Pinned memory that's not

Cuda 10.2 CC6.1

I allocate a couple of chunks of pinned memory, intending to cudaMemcpyAsync to them:

	    	//host mem	    	
	    	cudaMallocHost((void **) &Iv.t, 53 * sizeof(uint32_t));
	        cudaMallocHost((void **) &Args.can_h, 67000 * sizeof(uint64_t));

When I run the code and check the results in Nsight System, I find the Iv.t memcopy is behaving synchronously and the tooltip for the transfer states:
Begins: 1.57065s
Ends: 1.57065s (+1.248 μs)
DtoH memcpy 212 bytes
Source memory kind: Device
Destination memory kind: Pageable
Throughput: 162.002 MiB/s
Launched from thread: 4200
Latency: ←46.367 μs
Correlation ID: 1654
Stream: Stream 14

The memcopy for Args.can_h behaves as expected:
Begins: 1.57049s
Ends: 1.57065s (+156.326 μs)
DtoH memcpy 523,480 bytes
Source memory kind: Device
Destination memory kind: Pinned
Throughput: 3.11867 GiB/s
Launched from thread: 4200
Latency: ←10.176 μs
Correlation ID: 1650
Stream: Stream 15

Why is Iv.t not being pinned?

Perhaps you re-allocated the pointer somewhere else using an ordinary allocator.

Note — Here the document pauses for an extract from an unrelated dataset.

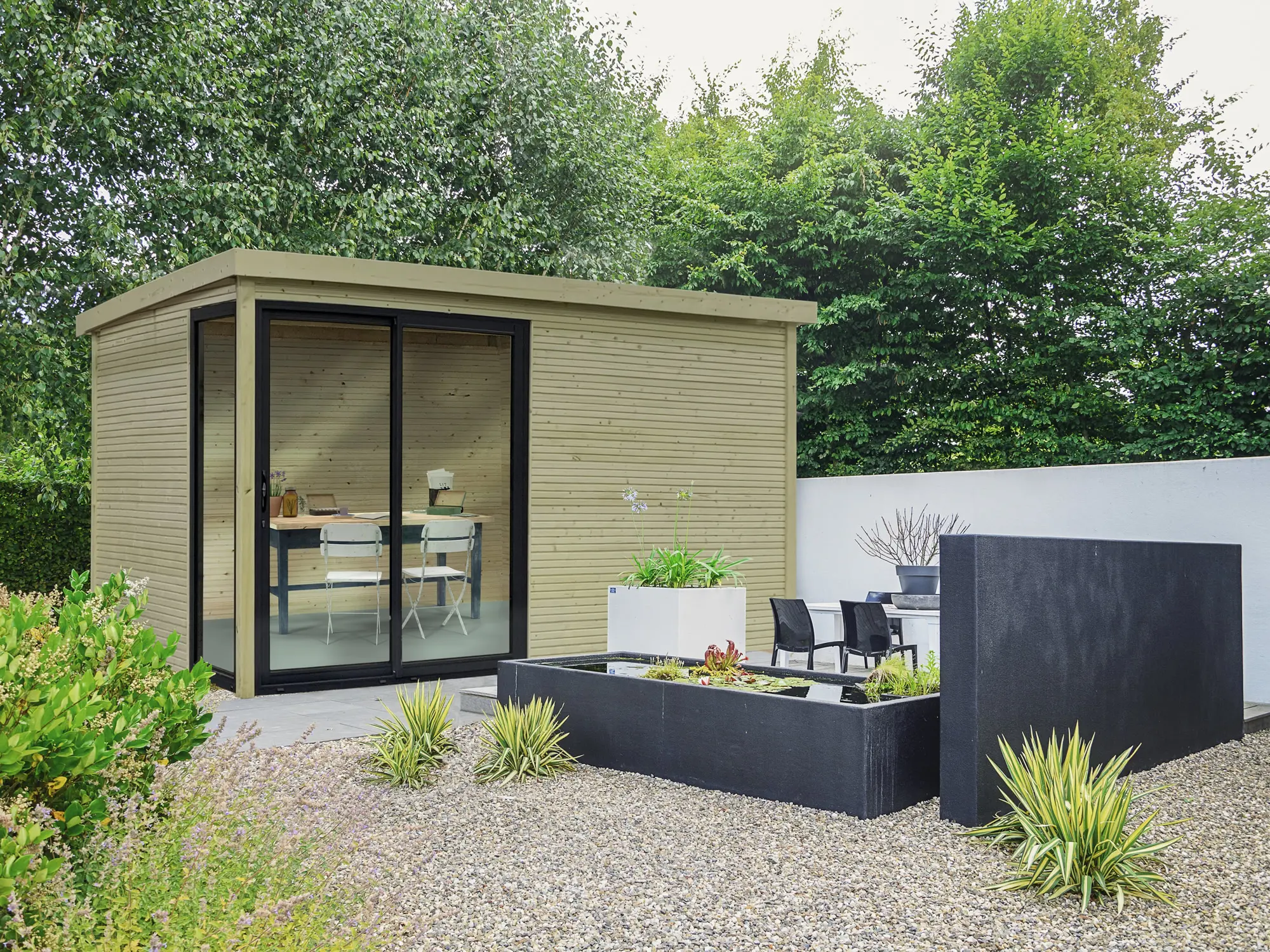 Het moderne tuinhuis Faro is een stijlvolle toevoeging aan uw tuin. Het tuinhuis is gemaakt van gecertificeerd Noord-Europees vurenhout met een wanddikte van 28mm, waardoor het duurzaam en robuust is. Het grote schuifraam en het vaste raam zorgen voor veel lichtinval in het tuinhuis, waardoor u kunt genieten van een heldere en lichte ruimte.

Perhaps you passed &Iv.t to cudaMemcpyAsync rather than Iv.t

There may be other possibilities. A short, complete reproducer with full environment details may help to identify the reason.

Thanks Robert and apologies for the noise, I declared an array, (t[53];), inside the host struct…

This topic was automatically closed 14 days after the last reply. New replies are no longer allowed.